■ **REQUIREMENT**
Your response to the data below should hold nothing except the lines from the one containing "This unique bench" down to the one containing "Katalina A-Line Short", reproduced exactly and without pictures.

----------

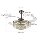 Modern Ceiling Fan with Light Retractable Ceiling Fan Light Ceiling Fan Light US Welcome to our store(´▽`ʃ♡ƪ) Description This ceiling fan light with multi-function will bring bright light, a cool breeze, cozy and luxurious style to your house. It comes with adjustable wind speeds, reverse function, and adjustable light colors for your daily light and cool needs. In addition, the retractable fan blades and crystal pendants make it an exquisite decoration that brings beauty and luxury to your room. Key Features Last for Years: Premium wrought iron, metal, crystal, and ABS materials and an electroplating process make this product resistant to corrosion, rust, abrasion, and deformation, making it retain beauty and functionality for a long period. Great Lighting: The environment-friendly and energy-saving LED light source comes with three different light colors (warm, neutral, and white) with color temperatures of 3000K, 4500K, and 6000K to fully meet your usage needs in different scenarios while avoiding glare and stroboscopic, protecting your eyes, and ensuring excellent lighting effects. Wide Adaptability: A wide voltage range of 110-220V applies to most of the household's electricity needs. Moreover, you can choose a short rod (3.93in) or a long rod (7.87in) for installation according to the room's height and your needs. Thoughtful Design: It has 6 gears of wind speed and you can choose low speed to enjoy the comfortable breeze or high speed to cool down quickly. In addition, the forward and reverse function allows you to experience a cool breeze in the summer and circulate hot air to keep your home warm in the winter. Timing Function: The timer function(1h, 2h, and 4h) allows the product to provide a comfortable and cool breeze even when you are sleeping and allows the product to turn off automatically to avoid excessive power waste. Stylish Appearance: The round shade is wrapped with angular crystal columns on the outside and embellished with crystal balls underneath, making this product a high-profile decorative piece that adds elegance and luxury to your room. Remote Control: You can use the remote control to control the light and fan work more easily in the range of 9.84-16.4ft. Protective Package: To prevent the product from being damaged during transportation, we packed it with foam to protect your products to the maximum extent possible. Buy with Confidence: We stand behind all our guests and look forward to assisting you with your purchase. It is our pleasure to answer your confusion and questions. The end of the story between us is not "we sell and you buy". Details Pure Copper Motor: It features a longer life, high operating efficiency, and low noise, enhancing product performance and offering a better user experience. Sturdy Base: The 5.9*2.36 inches base provides strong and stable support for the light without easily swaying, improving the safety of use. Retractable Fan Blades: They can be retracted when not in use to reduce dust accumulation and will not affect the product's aesthetics. Application It is suitable for rooms with a 161.45-215.28ft² area and 8.69ft height, such as living room, bedroom, basement, restaurant, cafe, reading room, store, hotel, children's room, and nursery. Specifications Color: Silver, Clear Material: Wrought Iron, Metal, Crystal, ABS Process: Electroplated Mount Type: Ceiling Mounted Assembly Required: Yes Motor Type: Pure Copper Brushless Motor Efficiency: E Voltage: 110-220V Light Power: 72W Motor Power: 35W Fan Speed Level: 6 Timing Function: 1h, 2h, 4h Noise: 35dB Light Source: LED Brightness: 2200lm Light Color: Warm, White, Neutral Light Color Temperature: 3000K, 4500K, 6000K Illumination Area: 15-20m²/161.45-215.28ft² Suitable Room Height: 2.65m/8.69ft Remote Control Battery Type: 2*AAA Batteries(Included) Remote Control Distance: 3-5m/9.84-16.4ft Lampshade Height: 11.94cm/4.7in Rod Length: 10cm/3.93in, 20cm/7.87in Base Size(D*H): 14.98*5.99cm/5.9*2.36in Product Overall Length: 107cm/42in Packaging Size: 55*55*39cm/21.65*21.65*15.35in Gross Weight: 12.3kg/27.12lbs Net Weight: 11.44kg/25.22lbs Package Included 1* Ceiling Fan Light 1* Remote Control 1* English Manual Other Needed Accessories Notes 1.Please check the dimensions of the product before ordering to ensure it fits your home. 2.Normally, the expansion screw will blow up after the force is applied. 3.Please read the manual carefully before installation and use and pay attention to the safety matters therein. 4.Please make sure the power is cut off before installation. Please install it by someone with an electrical license if necessary. Please wear electric insulation gloves (not included) and avoid scratching the surface of the item and the electric wire when installing. Please do not install it next to the air conditioner or heater, which will affect the service life of the product. 5.Please use this item within the applicable voltage range and clean it regularly. Please wipe with a soft cloth, it is not suitable to clean with cleaning agents. 6.Please allow the slight color difference caused by the shooting light and 1-3cm error due to manual measurement, and make sure you do not mind before you order. Payment Delivery details Terms of sales About us Contact us Payment We accept ebay payment 。 Fees such as import duties, taxes are not included in the item price or shipping costs. These charges are the buyer's responsibility. Delivery details Shipping: 2-9 working days to: USA Terms of sales We maintain high standards of excellence and strive for hundred percent customer satisfaction. Feedback is very important to us. We hope that you contact us immediately before you give neutral or negative feedback, so that we can address your concerns. It is impossible to address issues if we do not know about them! About us Your satis faction is our ultimate goal. We work hard to earn your trust and future business. Our certified technicians have tested each item before shipping.
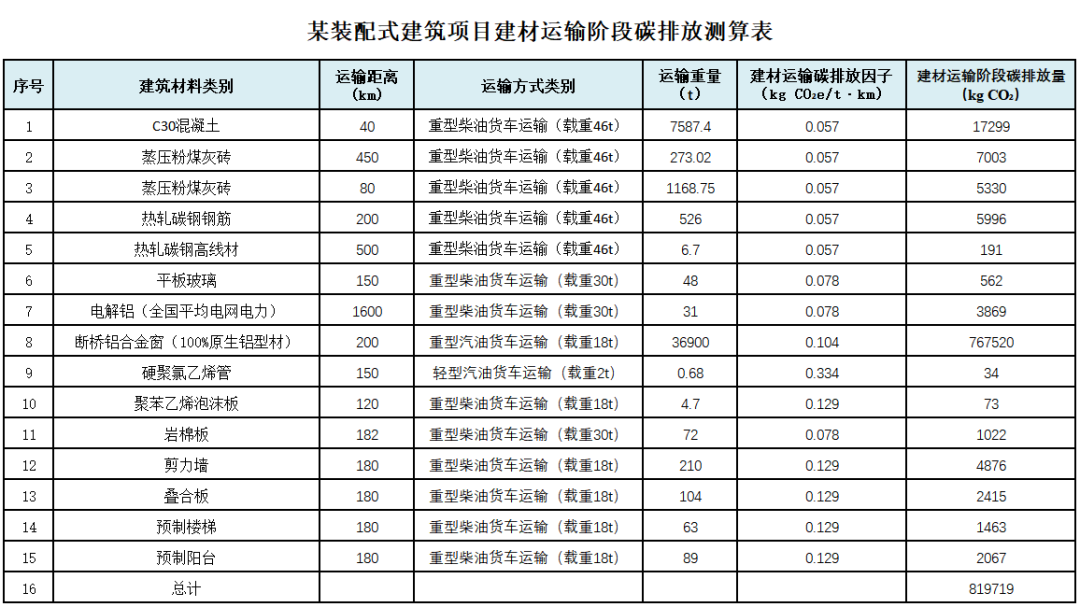 某裝配式建筑項目案例的建筑材料運輸距離、運輸方式、運輸重量如下表所示,建材運輸碳排放因子根據(jù)標準附錄E數(shù)據(jù)計算,可得到建材運輸階段碳排放量(kg CO2)。
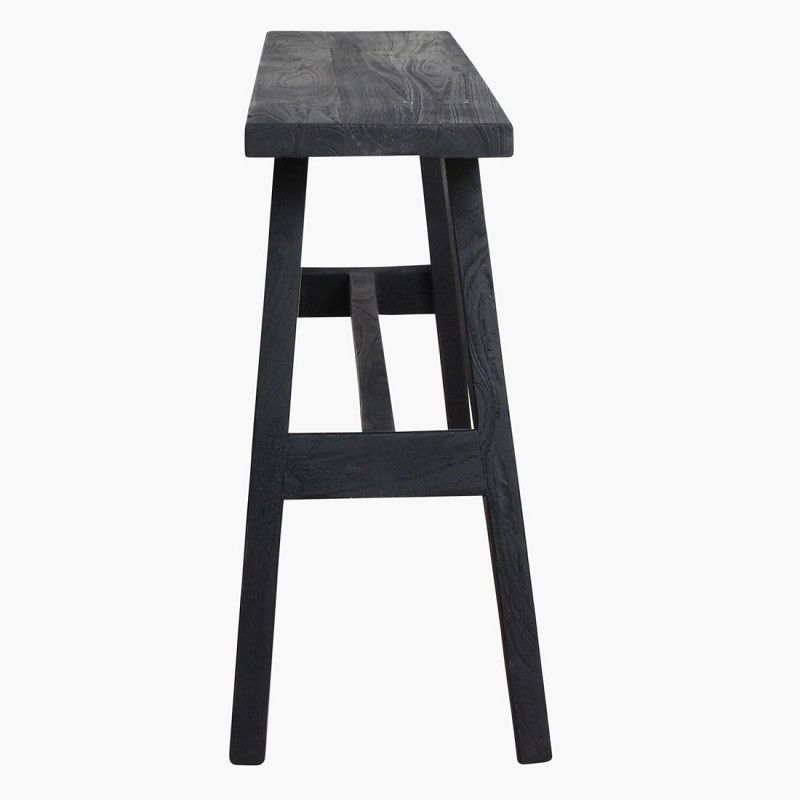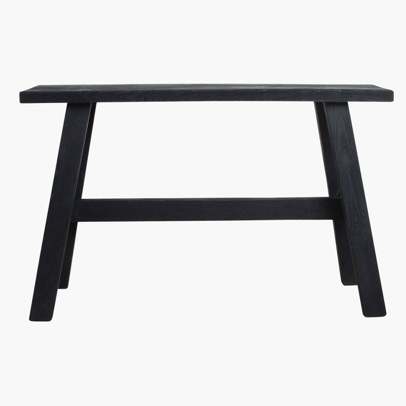This unique bench from Raw Materials carries a piece of history into your home. Originally used at bus stops in India, each wooden bench has its own character and imperfections that reflect its previous life. With its simple design and distressed black finish, it works beautifully as extra seating, a decorative accent, or even a plant stand, adding rustic charm to vintage, industrial, or eclectic interiors.
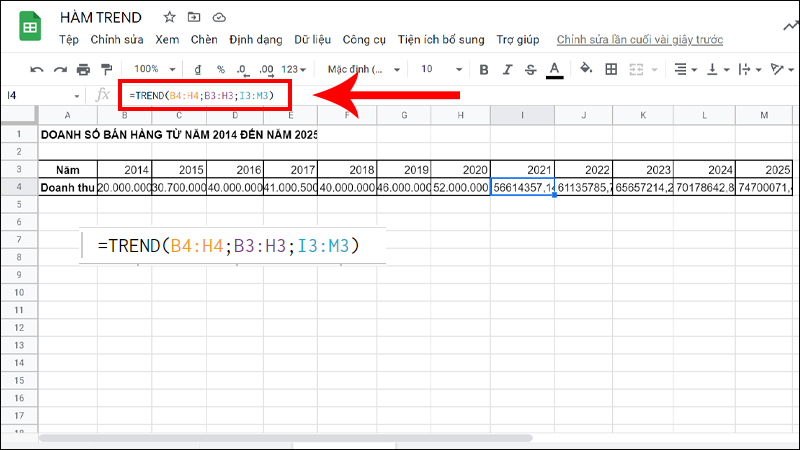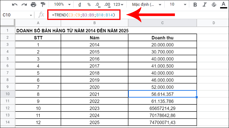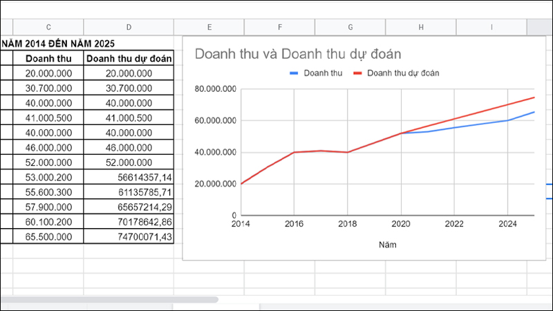 Ý nghĩa công thức: Dựa vào dữ liệu doanh thu từ năm 2014 đến năm 2020, bạn có thể đưa ra dự đoán doanh thu cho những năm tiếp theo (từ 2021 đến năm 2025).
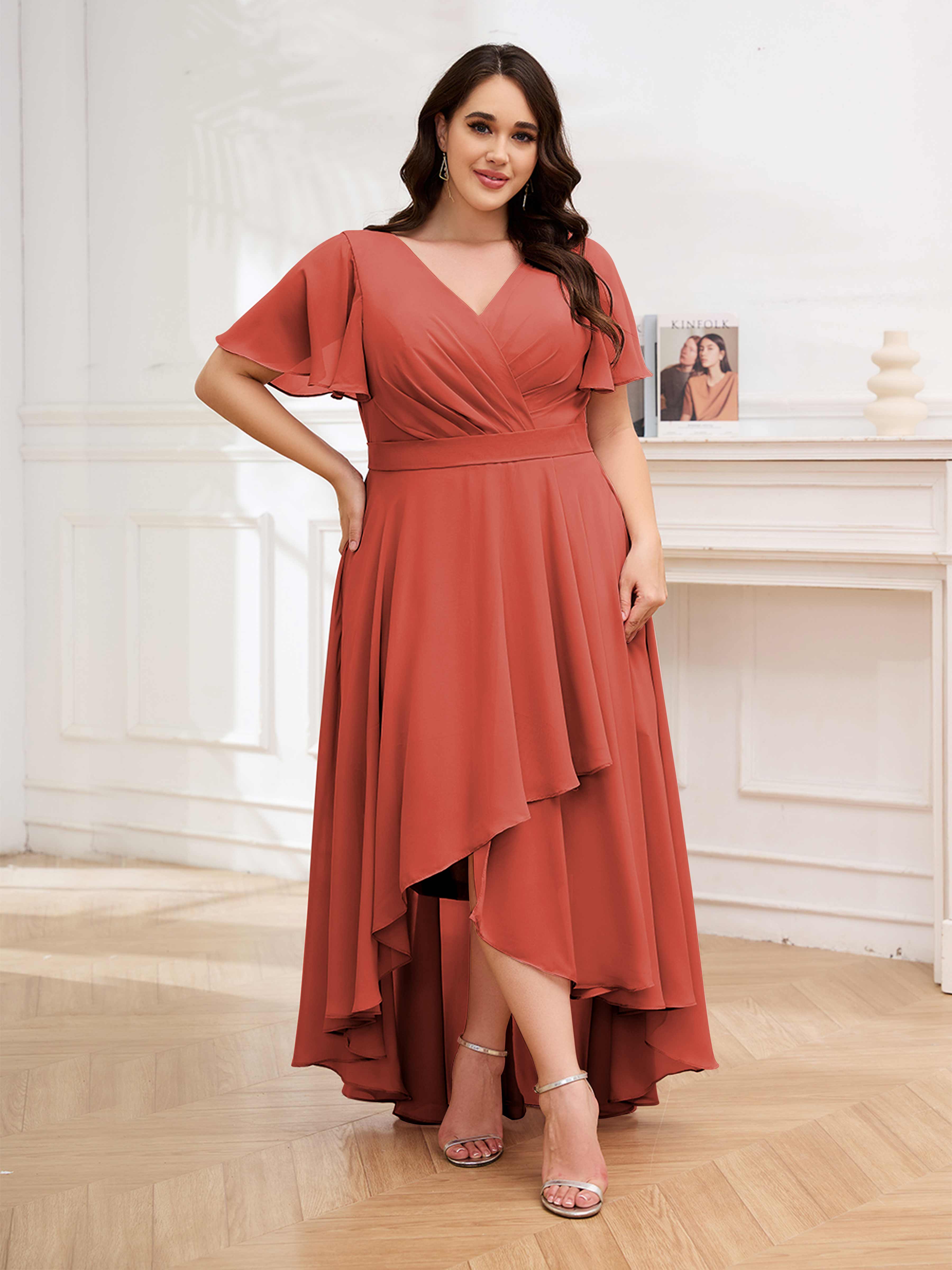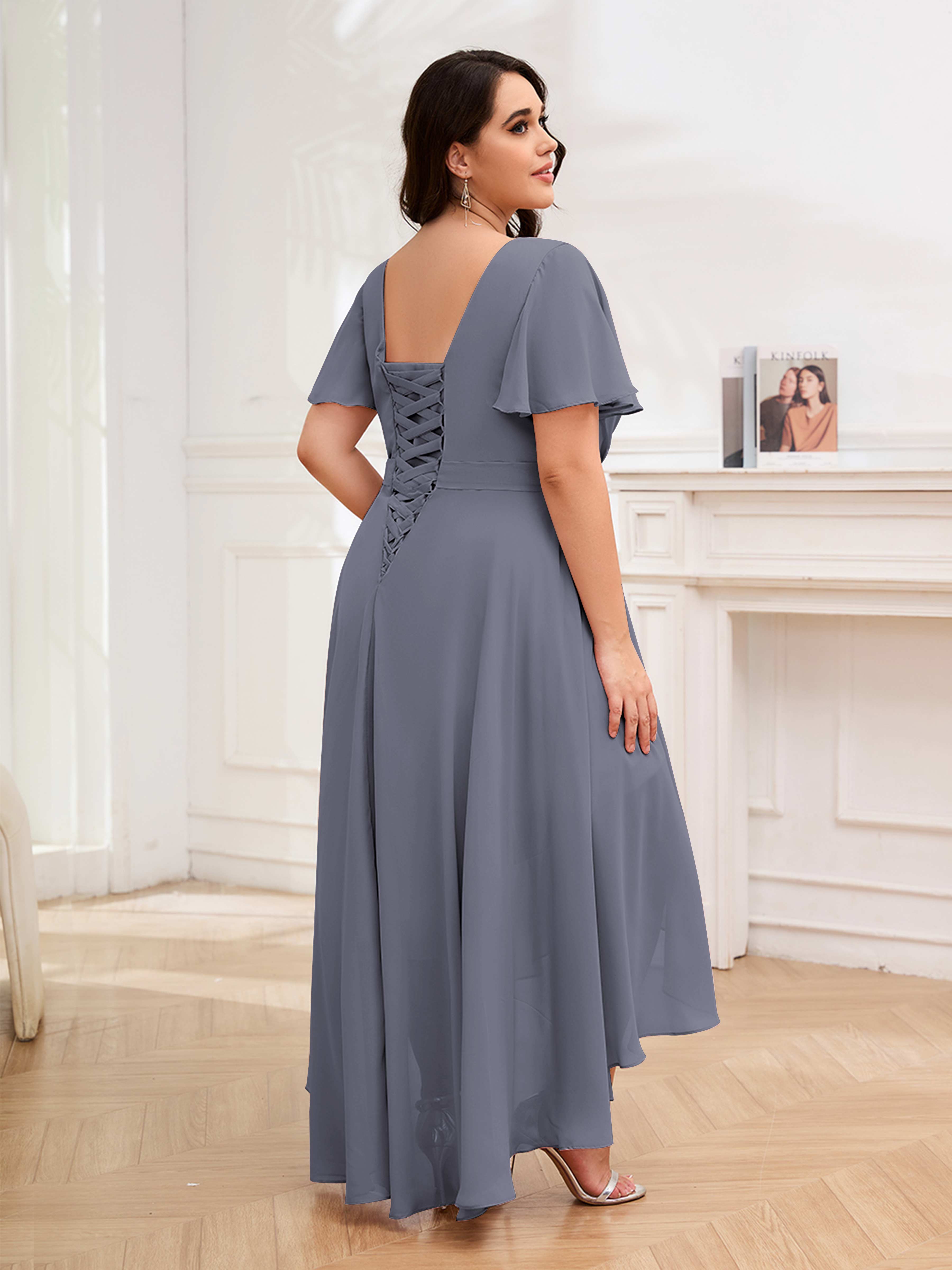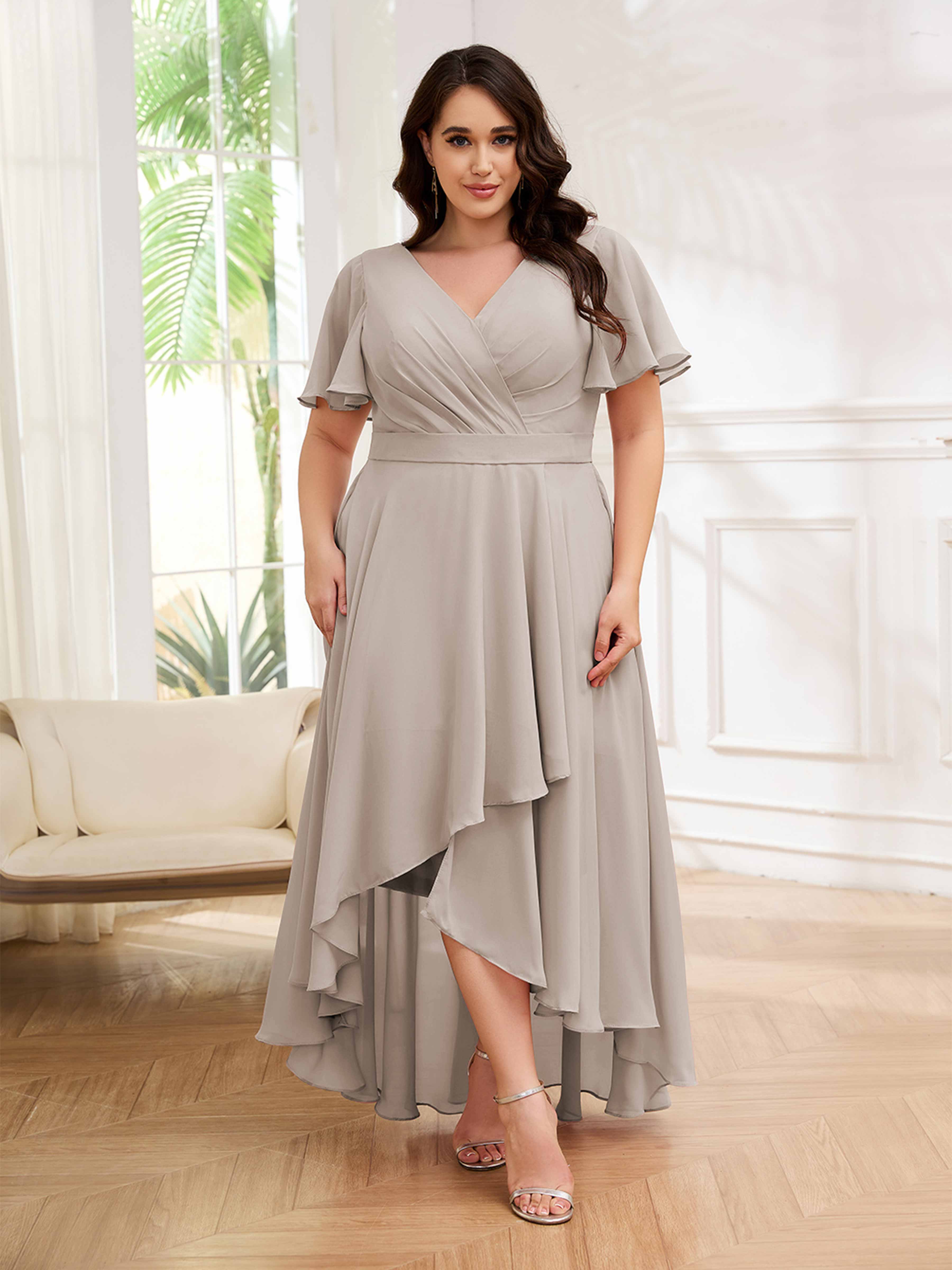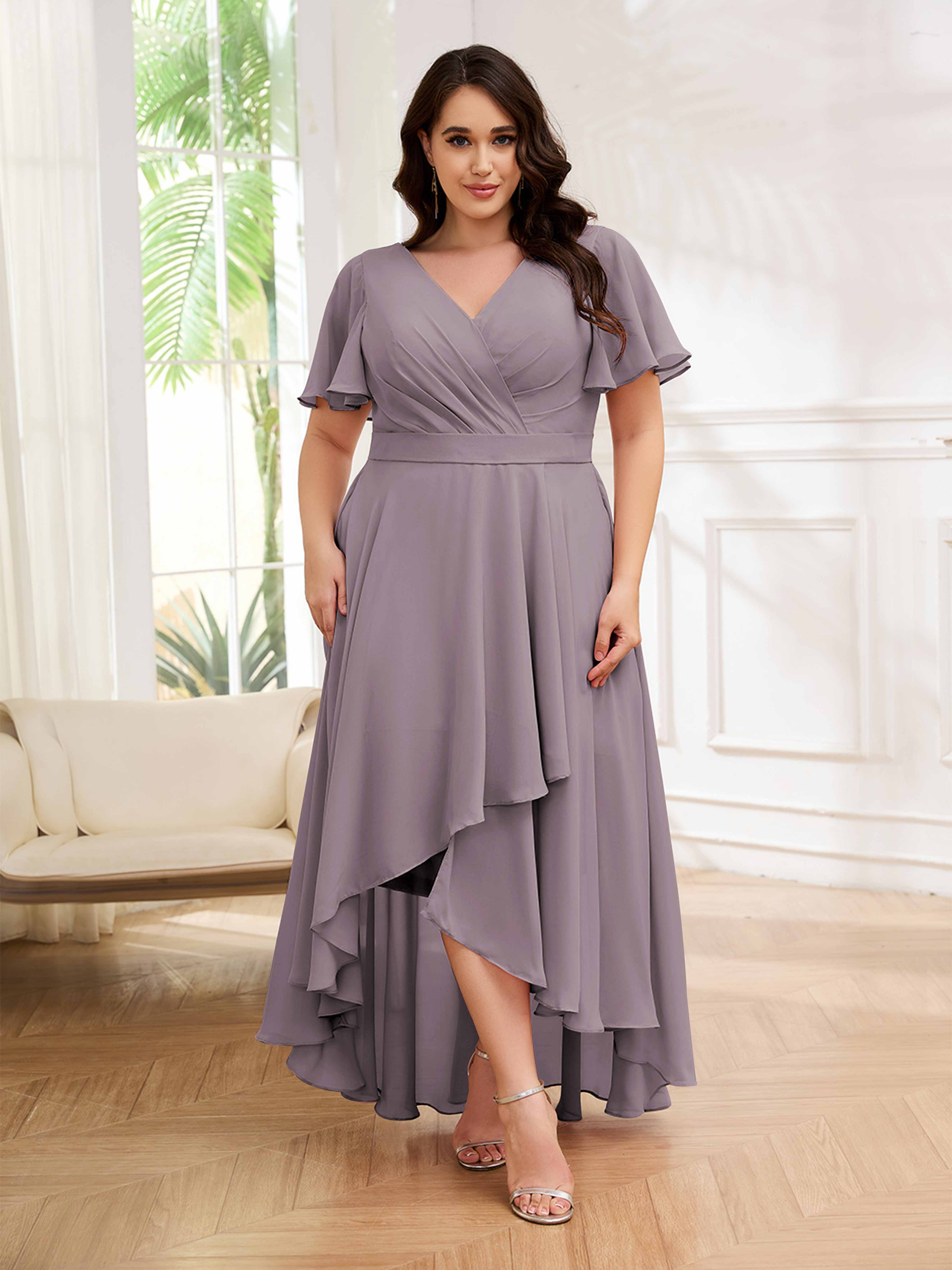 Katalina A-Line Short Sleeves Ruched High Low Chiffon Plus Size Bridesmaid Dresses
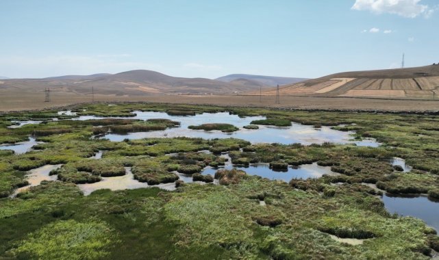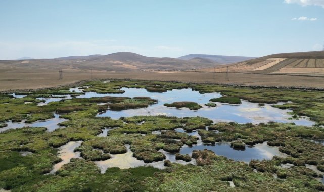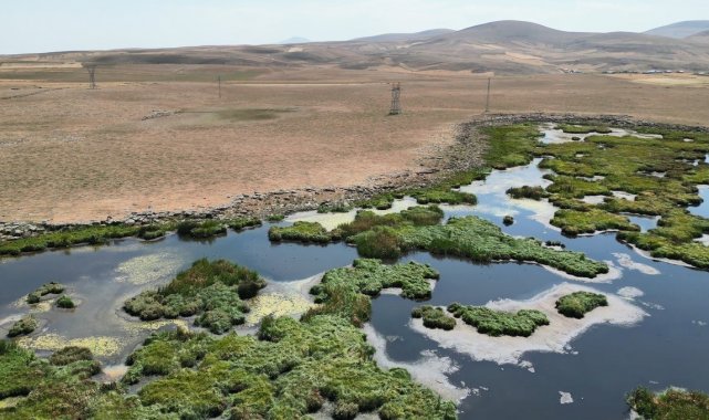 Kars'ta kuraklığın vurduğu Çalı Gölü'nü kuşlar terk etti. Kuş seslerinin yükseldiği gölün içerisinde adacıklar oluştu.

----------

■ **EXERCISE SOLUTION**
This unique bench from Raw Materials carries a piece of history into your home. Originally used at bus stops in India, each wooden bench has its own character and imperfections that reflect its previous life. With its simple design and distressed black finish, it works beautifully as extra seating, a decorative accent, or even a plant stand, adding rustic charm to vintage, industrial, or eclectic interiors.
 Ý nghĩa công thức: Dựa vào dữ liệu doanh thu từ năm 2014 đến năm 2020, bạn có thể đưa ra dự đoán doanh thu cho những năm tiếp theo (từ 2021 đến năm 2025).
 Katalina A-Line Short Sleeves Ruched High Low Chiffon Plus Size Bridesmaid Dresses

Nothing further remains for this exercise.